Keywords: squid axoplasm ; organelle movement ; calmodulin ; actin filaments ; axonal transport ; Life and Medical Sciences ; Cell & Developmental Biology

Source: Wiley InterScience Backfile Collection 1832-2000

Topics: Biology , Medicine

Notes: It was recently shown that, in addition to the well-established microtubule-dependent mechanism, fast transport of organelles in squid giant axons also occurs in the presence of actin filaments [Kuznetsov et al., 1992, Nature 356:722-725]. The objectives of this study were to obtain direct evidence of axoplasmic organelle movement on actin filaments and to demonstrate that these organelles are able to move on skeletal muscle actin filaments.
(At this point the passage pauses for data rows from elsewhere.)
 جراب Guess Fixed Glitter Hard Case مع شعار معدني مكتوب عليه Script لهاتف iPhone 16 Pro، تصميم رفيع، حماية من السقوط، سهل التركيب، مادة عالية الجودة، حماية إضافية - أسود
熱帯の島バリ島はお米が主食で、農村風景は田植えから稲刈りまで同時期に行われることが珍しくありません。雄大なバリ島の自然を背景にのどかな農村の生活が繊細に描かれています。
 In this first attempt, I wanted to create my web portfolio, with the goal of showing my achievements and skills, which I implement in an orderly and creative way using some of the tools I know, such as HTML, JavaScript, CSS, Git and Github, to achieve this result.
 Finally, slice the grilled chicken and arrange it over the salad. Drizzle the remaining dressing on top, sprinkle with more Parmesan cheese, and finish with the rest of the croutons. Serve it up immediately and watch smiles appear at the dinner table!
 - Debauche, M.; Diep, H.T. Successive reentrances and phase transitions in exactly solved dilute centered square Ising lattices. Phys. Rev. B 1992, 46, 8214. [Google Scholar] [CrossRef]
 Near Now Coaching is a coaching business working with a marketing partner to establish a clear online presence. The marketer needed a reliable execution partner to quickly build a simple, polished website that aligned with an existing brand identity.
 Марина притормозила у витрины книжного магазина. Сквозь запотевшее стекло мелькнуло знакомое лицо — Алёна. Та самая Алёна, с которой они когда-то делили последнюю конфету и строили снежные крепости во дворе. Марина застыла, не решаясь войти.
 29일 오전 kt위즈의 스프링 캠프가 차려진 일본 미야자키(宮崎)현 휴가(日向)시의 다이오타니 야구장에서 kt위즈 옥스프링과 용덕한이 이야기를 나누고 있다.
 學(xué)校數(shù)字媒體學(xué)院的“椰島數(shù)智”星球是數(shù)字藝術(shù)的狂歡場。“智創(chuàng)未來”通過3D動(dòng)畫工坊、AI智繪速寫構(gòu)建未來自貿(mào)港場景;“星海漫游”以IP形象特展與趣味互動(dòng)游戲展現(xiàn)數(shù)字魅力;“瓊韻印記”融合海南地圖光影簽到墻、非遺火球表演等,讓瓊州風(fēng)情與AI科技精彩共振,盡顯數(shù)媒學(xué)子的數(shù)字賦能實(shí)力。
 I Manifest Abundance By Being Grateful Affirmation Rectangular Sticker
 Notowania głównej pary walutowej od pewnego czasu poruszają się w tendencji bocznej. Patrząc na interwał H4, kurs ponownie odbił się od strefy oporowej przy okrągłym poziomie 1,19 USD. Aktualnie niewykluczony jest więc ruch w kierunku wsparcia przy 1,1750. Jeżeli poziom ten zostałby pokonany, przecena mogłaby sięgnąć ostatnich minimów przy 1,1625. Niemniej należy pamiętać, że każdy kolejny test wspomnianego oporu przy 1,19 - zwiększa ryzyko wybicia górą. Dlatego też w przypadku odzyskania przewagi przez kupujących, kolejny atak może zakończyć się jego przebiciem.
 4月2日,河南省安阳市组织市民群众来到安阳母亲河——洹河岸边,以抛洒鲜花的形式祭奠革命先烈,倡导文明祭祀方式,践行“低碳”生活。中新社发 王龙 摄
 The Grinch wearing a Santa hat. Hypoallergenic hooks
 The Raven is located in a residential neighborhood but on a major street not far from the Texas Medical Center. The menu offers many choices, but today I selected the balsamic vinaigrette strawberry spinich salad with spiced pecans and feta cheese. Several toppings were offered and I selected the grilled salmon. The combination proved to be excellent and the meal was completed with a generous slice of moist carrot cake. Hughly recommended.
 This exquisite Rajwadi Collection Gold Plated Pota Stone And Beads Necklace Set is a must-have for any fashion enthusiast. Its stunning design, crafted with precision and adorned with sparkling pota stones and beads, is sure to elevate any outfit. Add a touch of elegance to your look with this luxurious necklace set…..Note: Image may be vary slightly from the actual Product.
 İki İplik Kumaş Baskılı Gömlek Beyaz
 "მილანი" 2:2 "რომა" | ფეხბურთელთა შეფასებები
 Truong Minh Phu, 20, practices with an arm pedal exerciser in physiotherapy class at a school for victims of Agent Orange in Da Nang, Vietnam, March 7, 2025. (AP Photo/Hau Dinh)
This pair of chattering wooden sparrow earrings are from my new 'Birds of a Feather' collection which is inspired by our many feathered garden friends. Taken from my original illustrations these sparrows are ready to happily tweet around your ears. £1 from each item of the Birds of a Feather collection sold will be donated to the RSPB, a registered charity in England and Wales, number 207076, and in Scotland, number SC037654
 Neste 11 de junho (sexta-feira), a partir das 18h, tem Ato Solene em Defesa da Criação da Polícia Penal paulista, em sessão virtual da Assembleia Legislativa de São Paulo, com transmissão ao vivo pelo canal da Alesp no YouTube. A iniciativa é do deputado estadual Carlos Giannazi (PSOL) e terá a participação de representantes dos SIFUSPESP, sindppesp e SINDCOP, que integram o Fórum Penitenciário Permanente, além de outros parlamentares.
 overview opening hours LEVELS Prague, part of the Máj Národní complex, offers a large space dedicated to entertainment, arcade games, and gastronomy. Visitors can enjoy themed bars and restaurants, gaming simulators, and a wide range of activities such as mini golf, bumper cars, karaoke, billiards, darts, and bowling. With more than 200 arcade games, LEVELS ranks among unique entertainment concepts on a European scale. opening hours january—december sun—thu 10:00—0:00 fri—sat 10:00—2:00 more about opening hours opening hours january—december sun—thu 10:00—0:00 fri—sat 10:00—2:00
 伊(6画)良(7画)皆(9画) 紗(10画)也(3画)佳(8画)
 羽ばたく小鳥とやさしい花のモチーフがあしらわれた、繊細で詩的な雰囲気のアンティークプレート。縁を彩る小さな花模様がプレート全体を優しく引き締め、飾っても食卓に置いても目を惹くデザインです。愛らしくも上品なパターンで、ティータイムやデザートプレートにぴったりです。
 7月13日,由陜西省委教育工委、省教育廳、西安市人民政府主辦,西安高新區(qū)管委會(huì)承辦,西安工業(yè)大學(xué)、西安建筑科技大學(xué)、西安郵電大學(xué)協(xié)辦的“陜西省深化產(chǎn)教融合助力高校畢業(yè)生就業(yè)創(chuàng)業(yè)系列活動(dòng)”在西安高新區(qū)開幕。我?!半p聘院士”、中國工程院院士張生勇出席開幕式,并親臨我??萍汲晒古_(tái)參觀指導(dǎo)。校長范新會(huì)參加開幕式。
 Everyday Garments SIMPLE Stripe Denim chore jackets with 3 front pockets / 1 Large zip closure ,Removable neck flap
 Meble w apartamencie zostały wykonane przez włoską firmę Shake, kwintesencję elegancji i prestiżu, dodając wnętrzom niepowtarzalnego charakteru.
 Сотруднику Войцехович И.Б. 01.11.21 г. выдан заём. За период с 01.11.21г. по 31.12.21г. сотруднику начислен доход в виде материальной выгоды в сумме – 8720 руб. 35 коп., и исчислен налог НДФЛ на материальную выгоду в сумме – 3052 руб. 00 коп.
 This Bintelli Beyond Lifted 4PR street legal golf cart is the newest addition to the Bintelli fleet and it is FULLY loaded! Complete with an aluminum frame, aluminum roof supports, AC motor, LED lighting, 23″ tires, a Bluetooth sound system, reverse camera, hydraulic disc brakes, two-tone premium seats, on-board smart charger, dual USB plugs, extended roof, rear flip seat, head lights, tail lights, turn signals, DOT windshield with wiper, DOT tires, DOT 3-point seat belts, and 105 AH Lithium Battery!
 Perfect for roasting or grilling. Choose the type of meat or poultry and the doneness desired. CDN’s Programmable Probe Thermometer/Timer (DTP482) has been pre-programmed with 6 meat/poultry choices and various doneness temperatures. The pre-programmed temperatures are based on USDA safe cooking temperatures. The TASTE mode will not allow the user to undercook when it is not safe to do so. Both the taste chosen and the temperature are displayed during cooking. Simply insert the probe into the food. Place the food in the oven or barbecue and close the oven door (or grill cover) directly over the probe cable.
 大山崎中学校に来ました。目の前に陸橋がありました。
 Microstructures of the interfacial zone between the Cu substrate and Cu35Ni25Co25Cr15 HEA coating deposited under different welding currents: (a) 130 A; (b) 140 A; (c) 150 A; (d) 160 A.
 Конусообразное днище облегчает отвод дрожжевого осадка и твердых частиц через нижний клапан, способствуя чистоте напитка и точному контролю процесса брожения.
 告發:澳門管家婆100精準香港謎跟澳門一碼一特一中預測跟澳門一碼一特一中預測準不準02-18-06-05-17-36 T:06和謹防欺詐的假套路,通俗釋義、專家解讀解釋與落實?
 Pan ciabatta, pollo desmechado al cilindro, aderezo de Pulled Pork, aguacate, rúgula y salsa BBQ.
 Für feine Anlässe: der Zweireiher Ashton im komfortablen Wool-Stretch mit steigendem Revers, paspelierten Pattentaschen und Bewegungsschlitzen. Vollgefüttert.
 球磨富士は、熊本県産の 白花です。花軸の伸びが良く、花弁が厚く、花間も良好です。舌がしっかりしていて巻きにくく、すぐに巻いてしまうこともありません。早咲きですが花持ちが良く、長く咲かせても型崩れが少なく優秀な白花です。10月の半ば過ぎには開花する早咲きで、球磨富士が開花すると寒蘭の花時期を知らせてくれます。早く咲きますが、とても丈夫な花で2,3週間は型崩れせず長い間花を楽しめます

Organelles and actin filaments were visualized by video-enhanced contrast differential interference contrast (AVEC-DIC) microscopy and by video intensified fluorescence microscopy. Actin filaments, prepared by polymerization of monomeric actin purified from rabbit skeletal muscle, were stabilized with rhodamine-phalloidin and adsorbed to cover slips. When axoplasm was extruded on these cover slips in the buffer containing cytochalasin B that prevents the formation of endogenous axonal actin filaments, organelles were observed to move at the fast transport rate. Also, axoplasmic organelles were observed to move on bundles of actin filaments that were of sufficient thickness to be detected directly by AVEC-DIC microscopy. The range of average velocities of movement on the muscle actin filaments was not statistically different from that on axonal filaments. The level of motile activity (number of organelles moving/min/field) on the exogenous filaments was less than on endogenous filaments probably due to the entanglement of filaments on the cover slip surface. We also found that calmodulin (CaM) increased the level of motile activity of organelles on actin filaments. In addition, CaM stimulated the movement of elongated membranous organelles that appeared to be tubular elements of smooth endoplasmic reticulum or extensions of prelysosomes. These studies provide the first direct evidence that organelles from higher animal cells such as neurons move on biochemically defined actin filaments. © 1994 Wiley-Liss, Inc.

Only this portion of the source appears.